Toutefois, le mois suivant, les deux capitales prirent l’engagement d’améliorer leurs relations, en particulier dans le domaine de la lutte contre le terrorisme. Et, finalement, M. Çavusoglu fit un geste d’apaisement en soulignant que l’Iran avait soutenu son gouvernement « à chaque instant » de la nuit du 15 juillet « tandis que d’autres pays ont attendu des jours voire des semaines pour nous appeler après le putsch manqué. »

Ce revirement n’était pas si surprenant, à en croire les experts du Moyen-Orient. « Le grand rival historique de la Perse est l’Empire ottoman. Entre eux, la rivalité est ancienne, l’entente possible, selon les nécessités du moment. C’est le cas aujourd’hui », rappelait alors Mohammad-Reza Djalili, professeur émérite aux Instituts de hautes études internationales et du développement à Genève, dans les colonnes du quotidien Le Temps.

Et c’est ainsi que, la semaine passée, la presse turque a salué un « tournant » dans les relations entre les deux pays lors du déplacement, à Ankara, du général Mohammad Bagheri, le chef d’état-major des forces iraniennes. « Cette visite est nécessaire pour de meilleures consultations et une meilleure coopération sur divers enjeux militaires et régionaux qui concernent la sécurité des deux pays, la sécurité à la frontière et la lutte contre le terrorisme », a-t-il alors expliqué à la télévision iranienne d’Etat IRIB.

Et, visiblement, la question kurde aura été largement abordée lors des entretiens du général Bagheri avec les responsables turcs.

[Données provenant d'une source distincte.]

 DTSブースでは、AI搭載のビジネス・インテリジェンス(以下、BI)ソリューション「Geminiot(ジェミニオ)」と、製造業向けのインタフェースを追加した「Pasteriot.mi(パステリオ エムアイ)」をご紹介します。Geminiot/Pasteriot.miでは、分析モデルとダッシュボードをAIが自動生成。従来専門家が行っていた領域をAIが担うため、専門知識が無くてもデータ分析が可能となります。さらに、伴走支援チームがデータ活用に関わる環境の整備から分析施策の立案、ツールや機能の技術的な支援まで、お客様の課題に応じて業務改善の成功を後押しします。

Au point que le président Erdogan a confirmé qu’il avait été question d’une « opération commune avec l’Iran contre ces organisations terroristes », à savoir le Parti des travailleurs du Kurdistan (PKK, considéré comme terroriste) et le Parti pour une vie libre au Kurdistan (PJAK), une formation iranienne qui lui est affiliée. Ces deux organisations ont des bases arrière en Irak.

A priori, cette offre portant sur une opération conjointe qui serait menée contre les rebelles kurdes à Sinjar et à Qandil, dans le nord de l’Irak, aurait été faite par le général Bagheri. Le quotidien Türkiye a même évoqué une « proposition surprise », ce que n’a pas démenti le président Erdogan. « Nous pensons que si nos deux pays coopèrent, nous pouvons atteindre des résultats beaucoup plus rapidement », a-t-il dit, alors qu’il était interrogé sur ce point, ce 21 août.

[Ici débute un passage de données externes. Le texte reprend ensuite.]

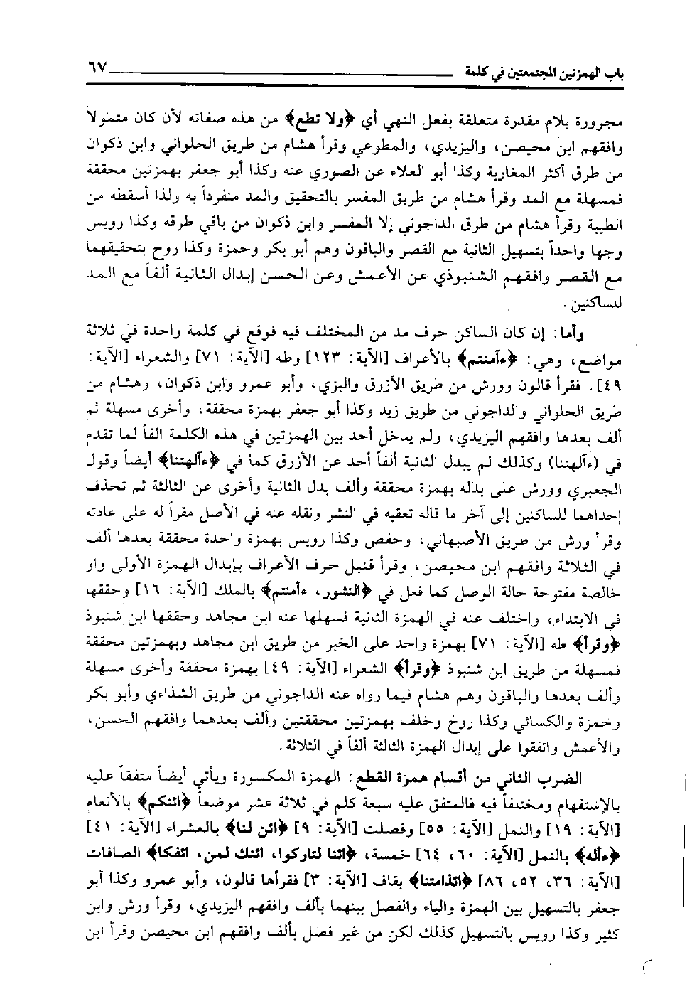 مجرورة بلام مقدرة متعلقة بفعل النهي أي: "وَلا تُطِع" من هذه صفاته؛ لأن كان متمولا وافقهم ابن محيصن, واليزيدي والمطوعي, وقرأ هشام من طريق الحلواني وابن ذكوان من طرق أكثر المغاربة, وكذا أبو العلاء عن الصوري عنه, وكذا أبو جعفر بهمزتين محققة فمسهلة مع المد, وقرأ هشام من طريق المفسر بالتحقيق والمد منفردا به, ولذا أسقطه من الطيبة وقرأ هشام من طرق الداجوني إلا المفسر وابن ذكوان من باقي طرقه, وكذا رويس وجها واحدا بتسهيل الثانية مع القصر, والباقون وهم أبو بكر وحمزة وكذا روح بتحقيقهما مع القصر, وافقهم الشنبوذي عن الأعمش, وعن الحسن إبدال الثانية ألفا مع المد للساكنين.

De son côté, le général Bagheri a précisé que les deux pays s’étaient aussi mis d’accord pour renforcer les contrôles à leur frontière commune, alors que, quelques jours plus tôt, Ankara avait annoncé le début de la construction d’un « mur de sécurité » à sa frontière avec l’Iran.

« Les actions de la Turquie et de l’Iran se complètent dans ce domaine. […] Nous sommes arrivés à de bons accords pour empêcher le passage des terroristes de part et d’autre de la frontière », a déclaré le chef d’état-major iranien, ce 21 août.

Cela étant, les autorités iraniennes ont probablement un autre objectif en tête : celui de renforcer la frontière avec l’Irak, afin d’empêcher le retour des kurdes iraniens ayant rejoint les rangs de l’EI (ils seraient entre 300 et 500 dans ce cas). D’autant plus que 4 terroristes ayant pris part aux attaques commises à Téhéran, le 7 juin dernier, étaient issues de cette minorité. C’est aussi pour cela que les services iraniens collaborent avec ceux de la province semi-autonome du Kurdistan irakien, qui entretient, dans le même temps, de bons rapports avec Ankara.

Cependant, ces relations risquent de se dégrader : l’Iran et la Turquie s’opposent à la tenue d’un référendum d’indépendance au Kurdistan irakien, prévu le 25 septembre prochain.